Our models outperform other baselines with the same settings in terms of disentanglement and unconditional video generation.
- Score: 17.769077848342334
- License: http://arxiv.org/licenses/nonexclusive-distrib/1.0/
- Abstract: Learning disentangled representations leads to interpretable models and
facilitates data generation with style transfer, which has been extensively
studied on static data such as images in an unsupervised learning framework.
However, only a few works have explored unsupervised disentangled sequential
representation learning due to challenges of generating sequential data. In
this paper, we propose recurrent Wasserstein Autoencoder (R-WAE), a new
framework for generative modeling of sequential data.
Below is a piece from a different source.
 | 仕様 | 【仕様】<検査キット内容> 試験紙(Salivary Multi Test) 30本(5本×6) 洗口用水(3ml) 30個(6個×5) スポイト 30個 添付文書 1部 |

R-WAE disentangles the
representation of an input sequence into static and dynamic factors (i.e.,
time-invariant and time-varying parts). Our theoretical analysis shows that,
R-WAE minimizes an upper bound of a penalized form of the Wasserstein distance
between model distribution and sequential data distribution, and simultaneously
maximizes the mutual information between input data and different disentangled
latent factors, respectively. This is superior to (recurrent) VAE which does
not explicitly enforce mutual information maximization between input data and
disentangled latent representations. When the number of actions in sequential
data is available as weak supervision information, R-WAE is extended to learn a
categorical latent representation of actions to improve its disentanglement.
Experiments on a variety of datasets show that our models outperform other
baselines with the same settings in terms of disentanglement and unconditional
video generation both quantitatively and qualitatively.